Домзак - [38]

Шрифт
Интервал

Он нащупал кувшин с остатками пойла и выпил. Но самогонка не забирала. Неужели придется вставать? Не хотелось. Опять топтать протез, испытывая боль, стреляющую в колено.

- Не спится? - прошелестел голос Нилы над ухом. - Значит, хватит тебе спиртягу глушить: себя не обманешь.

Он открыл глаза.

- Нила, а есть у тебя водный раствор аммиака? В ампулах. Ну разбавленный нашатырь?

- Сам посмотри в аптечке, - проворчала Нила, собирая объедки на поднос. - Нашатырь-то, конечно, - куда ему деваться? Есть. А ты про что? Посмотри у матери - у нее в комнате настоящая аптека.

Он опустил ноги на пол.

У дедова изголовья сидела какая-то старушка, вся в черном, и бормотала что-то - Байрон улавливал только отдельные церковнославянские слова.

- Чтицу пригласили, - пояснила Нила. - Чтоб молитвы над телом по уставу читала.

- Я поднимусь к матери... Чего это она с утра пораньше завелась?

- Витька запропал, шофер ееный. Пришлось Александр Зиновьича звать.

Большая комната, которую мать занимала на третьем этаже, была разделена на кабинет и спальню с душевой. То, что Нила назвала аптекой, помещалось в шкафчике-пенале в углу кабинета. Набор лекарств Байрона привел в легкое недоумение, особенно когда он добрался до коробок с ампулами морфина и кодеина. На всякий случай сунул в карман несколько упаковок с эфедрином в таблетках. Набрал номер матери.
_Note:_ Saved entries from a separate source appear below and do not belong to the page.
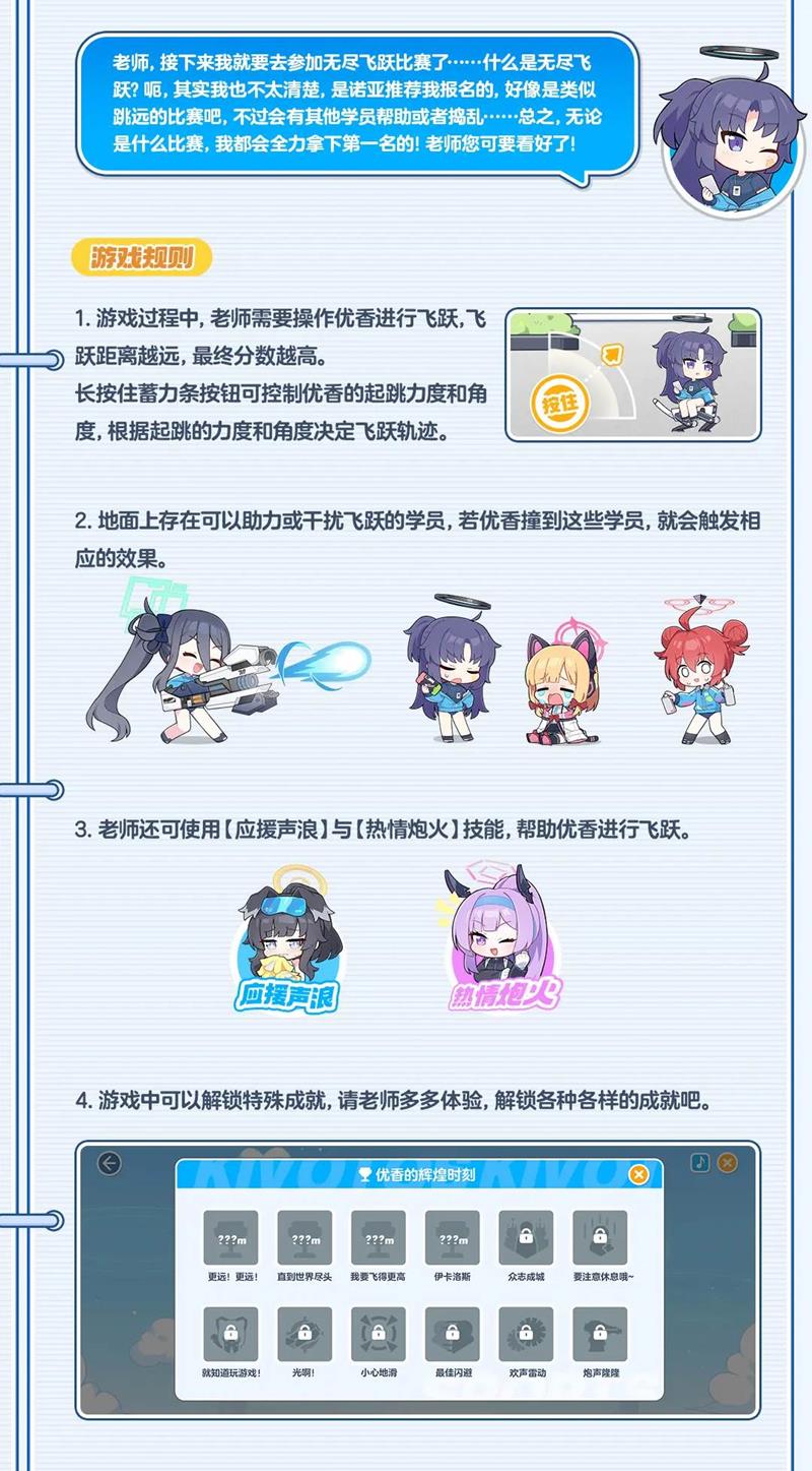 为了增加游戏乐趣,活动设置了多个特殊成就供老师们挑战。同时游戏还提供了两个实用技能:"应援声浪"和"热情炮火",合理使用这些技能可以帮助优香飞得更远。需要注意的是,每日首次完成游戏才能获得奖励,每位老师每天只能领取一次奖励。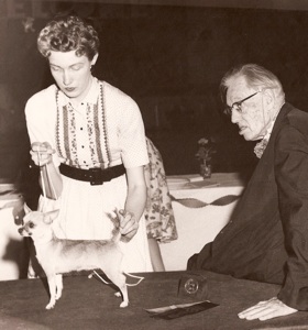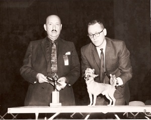 Our first champion-Ch. Grosart’s Rickee Rue. Purchased as a show prospect at 4 months and made the 52 hour trip from Roanoke, VA via Railway Express. Won at 6 straight shows to finish to his championship. Handled by Clara Alford. Pictured here winning BOV under Mrs. Byron Hoffman, handled by Max E. Hurd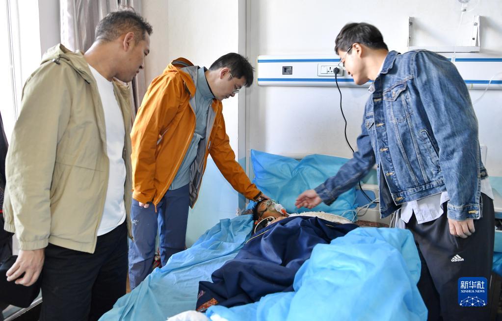 7月31日,在阿里地區(qū)人民醫(yī)院,中國醫(yī)學(xué)科學(xué)院整形外科醫(yī)院醫(yī)生王克明(右)和西藏自治區(qū)人民醫(yī)院醫(yī)生旦增念扎(左)和即將做手術(shù)的牧民巴吉聊天。新華社記者 張汝鋒 攝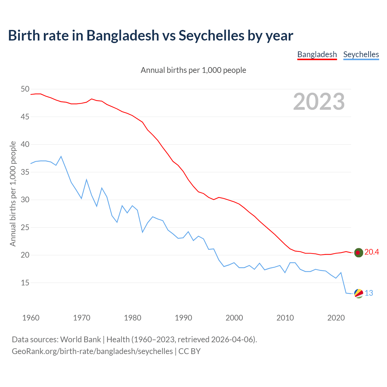 Bangladesh has an annual birth rate of 20.4 births per 1,000 people, compared to 13 for the Seychelles. The average number of children a woman is expected to have during her lifetime — the fertility rate, is 2.16 in Bangladesh and 2.02 in the Seychelles — 6.61% difference.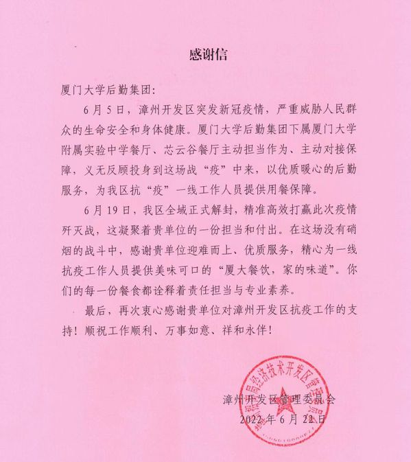 6月23日,集团收到了一封特殊的感谢信。在信中,漳州开发区管理委员特别感谢集团饮食服务中心漳州校区餐饮部(以下简称漳州餐饮部)厦大附中餐厅、芯云谷餐厅“在此次漳州开发区突发疫情防控工作中“主动担当作为、主动对接保障,义无反顾投身到这场战‘疫’中来,以优质暖心的后勤服务,为我区抗‘疫’一线工作人员提供用餐保障”。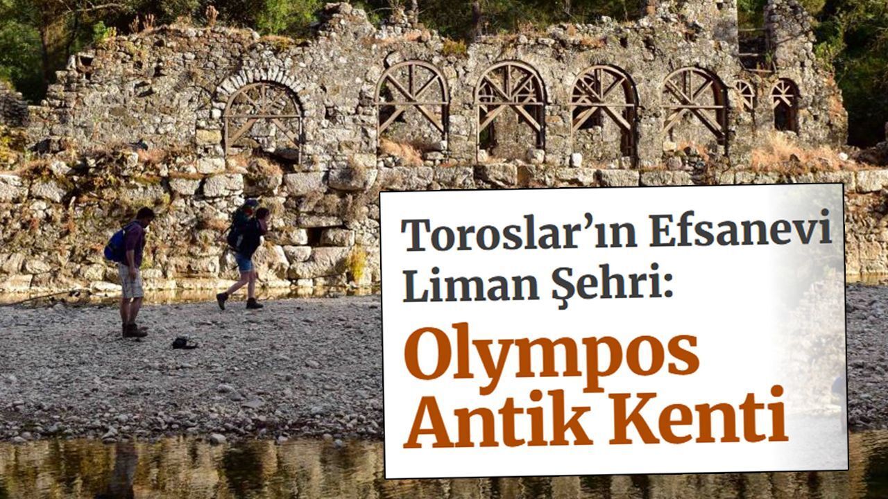 Olympos, Antalya’nın güney sahillerinde, Phaselis’ten sonra gelen ikinci büyük liman kenti olarak dikkat çeker. “Yüksek dağ” anlamına gelen adı, 16 kilometre kuzeyinde yükselen ve Toroslar’ın batı uzantılarından biri olan Tahtalı Dağından gelmektedir. Kesin kuruluş tarihi bilinmemekle birlikte, MÖ 167–168 yıllarında basılan sikkelerde adı geçmekte ve Likya Birliği’nde üç oy hakkına sahip altı şehirden biri olduğu görülmektedir. Kentin kalıntıları, Beydağları Sahil Milli Parkı sınırları içinde, Kemer ilçesinde konumlanmaktadır.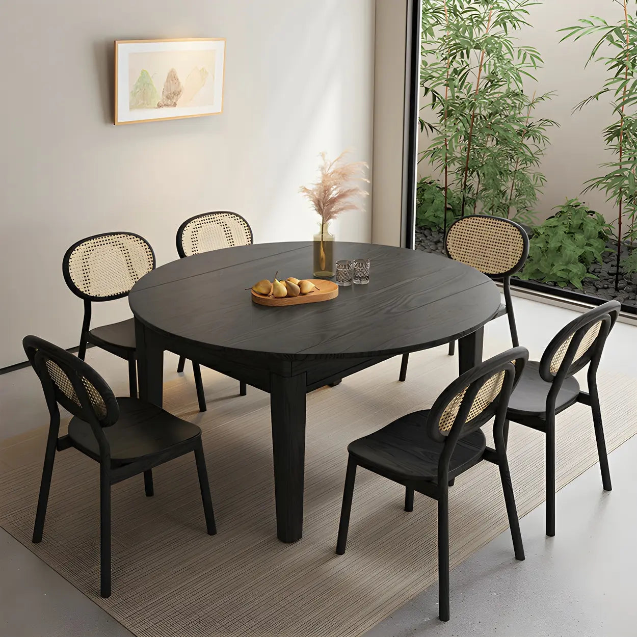 This modern round black wood ash dining table is crafted from high-quality materials, adding both elegance and modernity to your dining space. The expandable design allows you to easily seat more guests. The built-in self-storing blade mechanism makes the table expansion hassle-free. The wood ash material is known for its excellent durability and beautiful grain, ensuring that it will maintain its classic beauty over the years.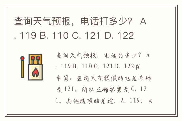 查询天气预报,电话打多少? A. 119 B. 110 C. 121 D. 122
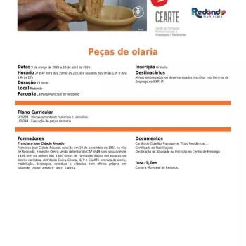 Formação “Peças de Olaria” | de 09 de março a 18 de abril |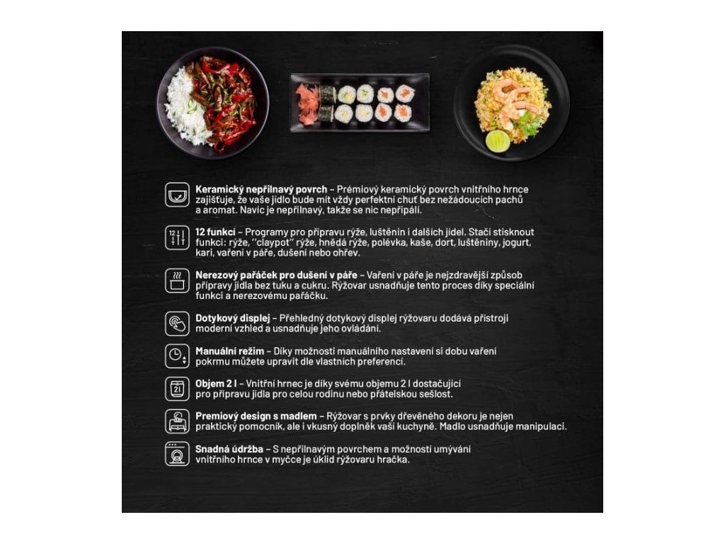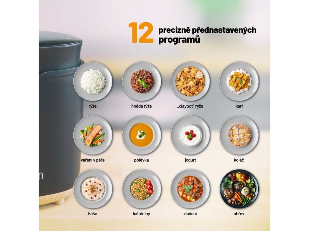Dopřejte si více času na jiné aktivity a vaření přenechte multifunkčnímu rýžovaru, jehož 12 přednastavených programů si poradí s přípravou nejrůznějších pokrmů. Programy jako rýže, "claypot" rýže, hnědá rýže, polévka, kaše, dort, luštěniny, jogurt, kari, vaření v páře, dušení či ohřev jsou zárukou snadného a rychlého vaření.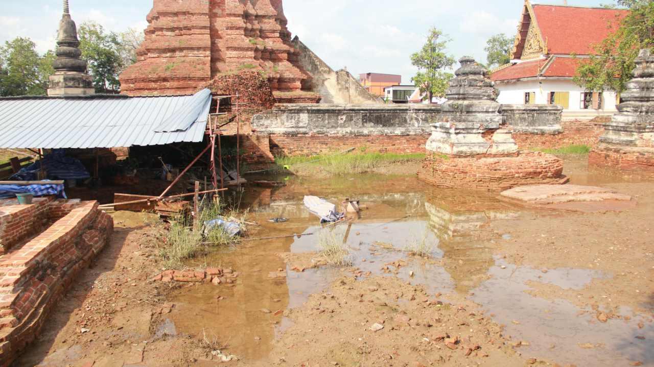 โดยทางกรมศิลปได้นำช่างเข้าทำการบูรณะมาตั้งแต่ปี พ.ศ. 2555 และจะแล้วเสร็จในปี พ.ศ.2562 ในบริเวณพื้นที่ทั้งหมดประมาณ 3-4 ไร่ มีการสำรวจออกแบบตามที่กรมศิลปากรกำหนดและจัดทำขึ้น ซึ่งตั้งแต่เมื่อเริ่มดำเนินการได้มีการปรับพื้นที่ขุดเจาะพื้นที่รอบบริเวณพระปรางค์ใหญ่ และรอบองค์เจดีย์น้อยใหญ่ความลึกประมาณ 1.5 เมตร กว้างประมาณ 1-2 เมตร บางจุดกว้างเป็นคล้าย ๆ กับบ่อน้ำขนาดใหญ่ โดยจุดที่ช่างไปทำการขุดจนเชื่อมกันหมดเหมือนกับราง รวมระยะทางยาวหลายร้อยเมตร ณ ปัจจุบันเป็นเวลากว่า 6 ปีแล้ว ก็ยังไม่มีความคืบหน้าในการก่อสร้าง ทั้งที่ตามกำหนดจะต้องแล้วเสร็จในปีหน้าแล้ว

- Ма, твой компьютер подключен к интернету? Мне нужно отправить послание друзьям в Москву... Да, насчет всей этой истории... Вдруг понадобится адвокат? Пусть ребята работают. Может, и не понадобятся, но будут наготове. Спасибо. Говорят, твой шофер пропал? Ну не хочешь - так не хочешь. Он где живет? А...

В Домзаке. Звонарев. Значит, это о его матери писал ему с того света дед.

В душевой он набрал полный стакан воды и бережно добавил несколько капель нашатырного спирта. Выпил залпом. Иногда это помогало выйти из похмелья за полчаса.

Отправил "мылом" письмо Аршавиру - пусть его ребята знают, что происходит в Шатове.

Душ он принимал внизу. Долго стоял, подставив лицо режущим струям горячей воды. Возможно, прошлой ночью точно так же стоял под душем тот голозадый, которого разглядела старуха Нила. И скорее всего это был тот самый Виктор Звонарев. Впрочем, одернул он себя, из этого еще не следует, что Виктор Звонарев был убийцей деда.

Раствор нашатырного спирта подействовал: завтракал он с аппетитом. И даже отважился выпить большую чашку мятного чая.

Значит, из чужих в доме мог оставаться именно этот шоферюга. Тот самый, с матерью которого когда-то крутил дед. И крутил, видимо, всерьез: недаром же помянул в предсмертном письме, да еще дом ей купил. Вовсе не исключено, что дед считал этого Виктора своим сыном. А может, и нет. Теперь уж не дознаешься. Однако его внезапное исчезновение что-то же да значило. Или ничего. И потом, за что ему убивать старика Тавлинского? Мотив. Был или нет? Что Байрон о нем знает, об этом человеке? Служил в Чечне, вернулся в родной Шатов, с пониманием отнесся к Оливии, был нанят шофером-телохранителем, добросовестный трудяга. Он и лица-то его не успел разглядеть. Исчез... Да глупости! Был бы настоящий убийца - вовсе не исчезал бы, а держался как можно ближе к хозяевам. К Майе Михайловне.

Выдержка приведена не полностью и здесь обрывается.